→ **Aim of the exercise**
Copy down the listing below exactly. Do not include pictures.
[Information shown]
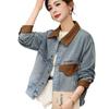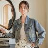 Chamarra de mezclilla corta vintage colorida con cuello polo para mujer, primavera y otoño 2025, nueva, manga larga pequeña, tipo cargo, moderna
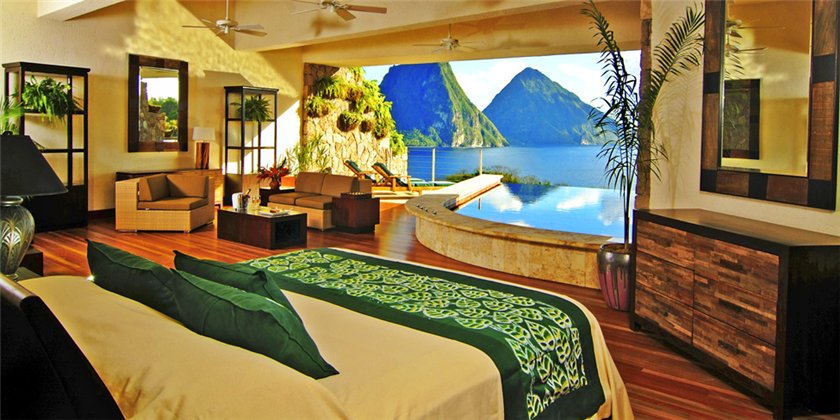 Это отель, расположенный на крутом склоне горы, таким образом, что из любого номера можно видеть и море и Питонов.
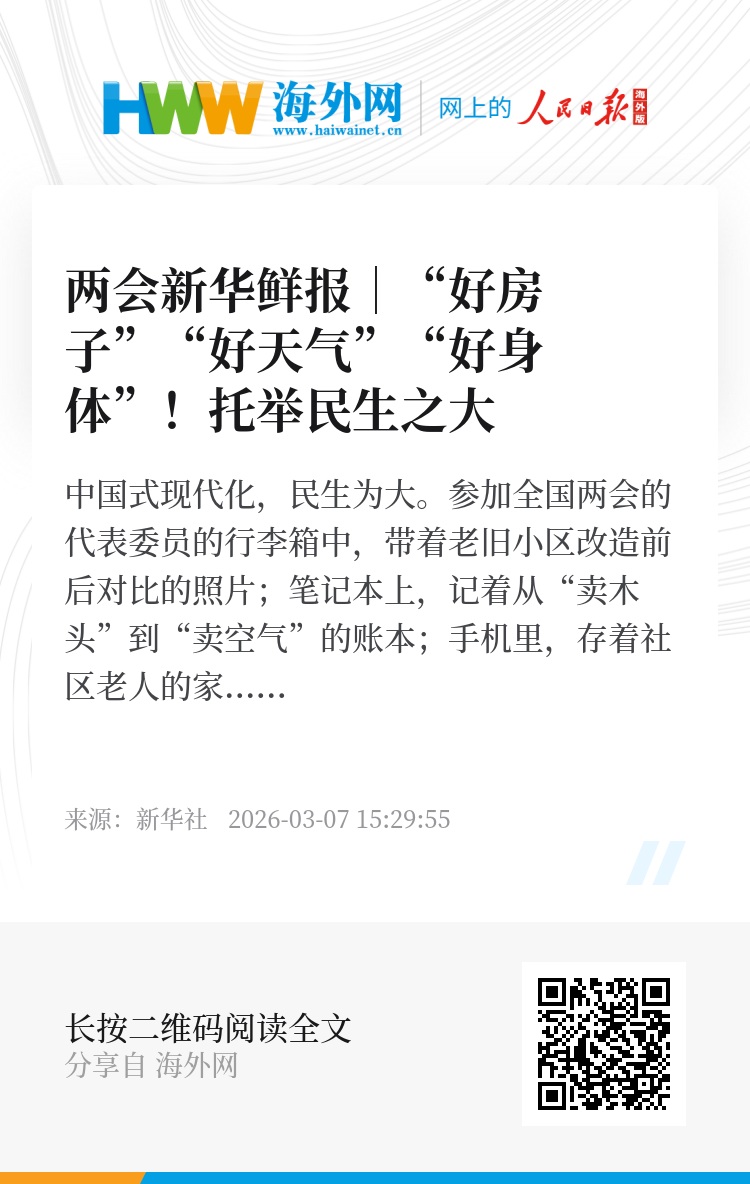 参加全国两会的代表委员的行李箱中,带着老旧小区改造前后对比的照片;笔记本上,记着从“卖木头”到“卖空气”的账本;手机里,存着社区老人的家庭医生签约表……这些关乎“好房子”“好天气”“好身体”的“小确幸”,是“民生为大”的生动注脚。
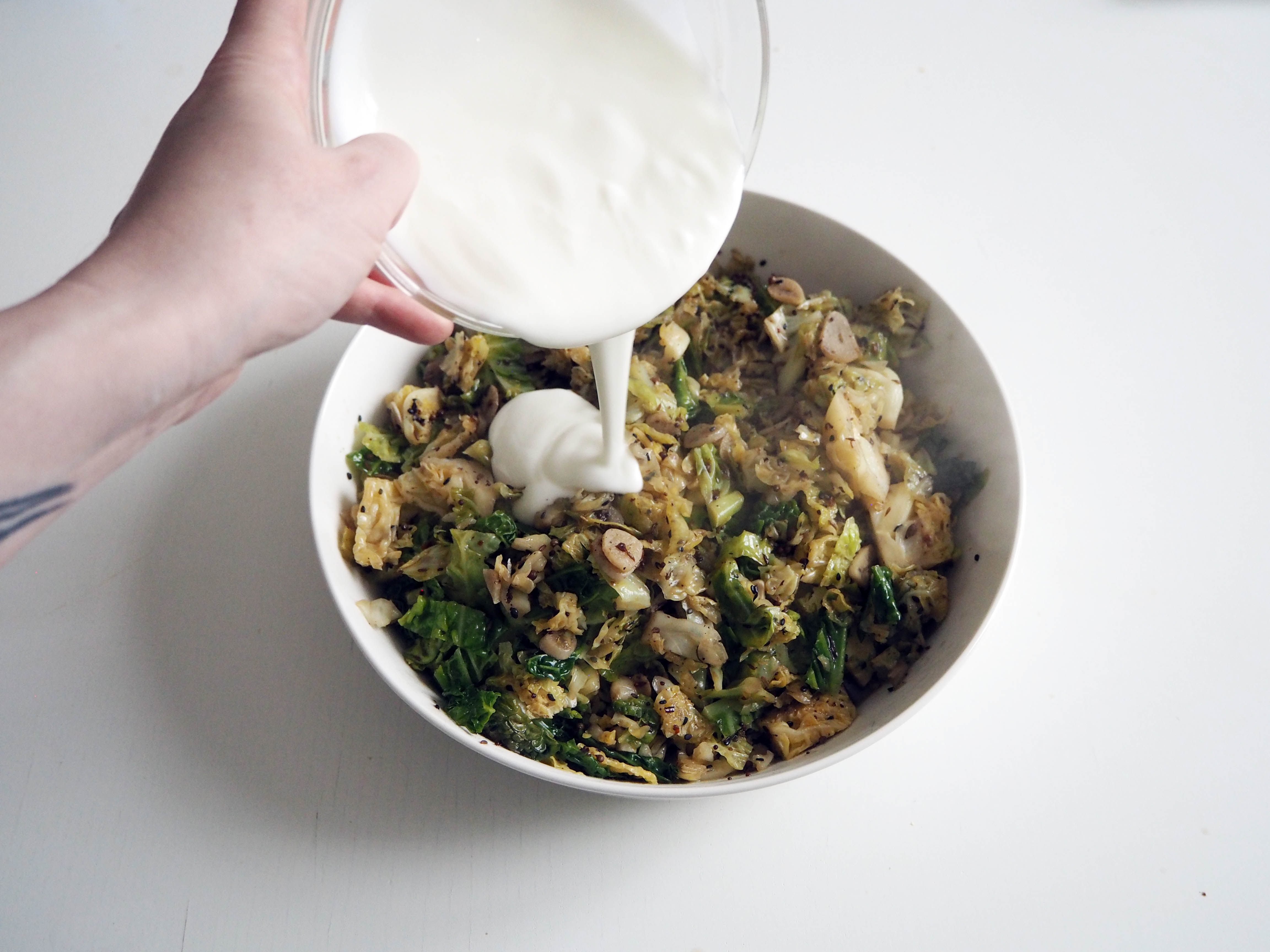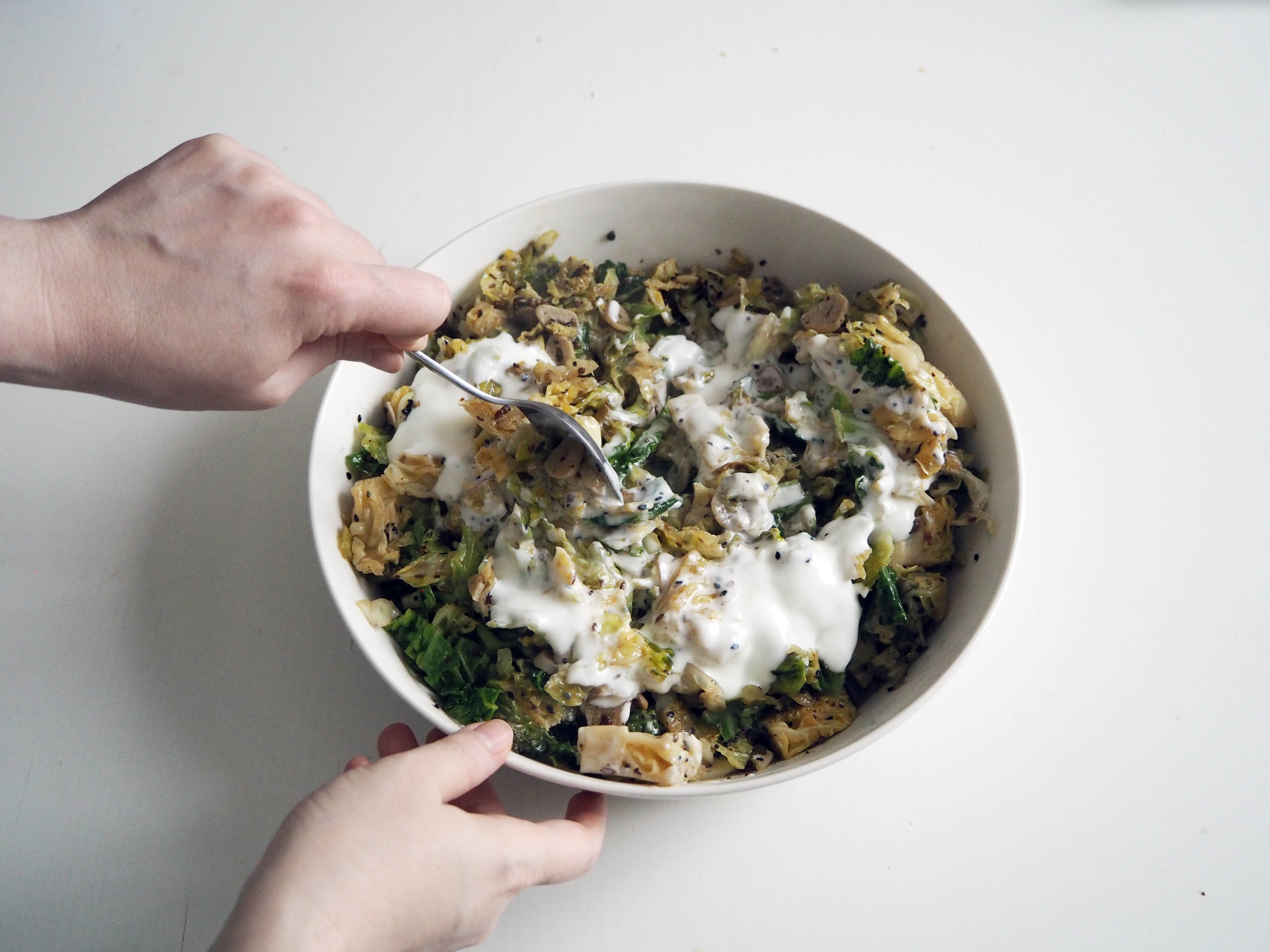 6. When the cabbage is cooked enough for your taste, transfer it to a serving dish and let it cool for about 5 minutes. After that, add yogurt and mix well. Serve warm (but it tastes great also later, when it’s much colder). Enjoy!
[/Information shown]
→ **Response area**
 Chamarra de mezclilla corta vintage colorida con cuello polo para mujer, primavera y otoño 2025, nueva, manga larga pequeña, tipo cargo, moderna
 Это отель, расположенный на крутом склоне горы, таким образом, что из любого номера можно видеть и море и Питонов.
 参加全国两会的代表委员的行李箱中,带着老旧小区改造前后对比的照片;笔记本上,记着从“卖木头”到“卖空气”的账本;手机里,存着社区老人的家庭医生签约表……这些关乎“好房子”“好天气”“好身体”的“小确幸”,是“民生为大”的生动注脚。
 6. When the cabbage is cooked enough for your taste, transfer it to a serving dish and let it cool for about 5 minutes. After that, add yogurt and mix well. Serve warm (but it tastes great also later, when it’s much colder). Enjoy!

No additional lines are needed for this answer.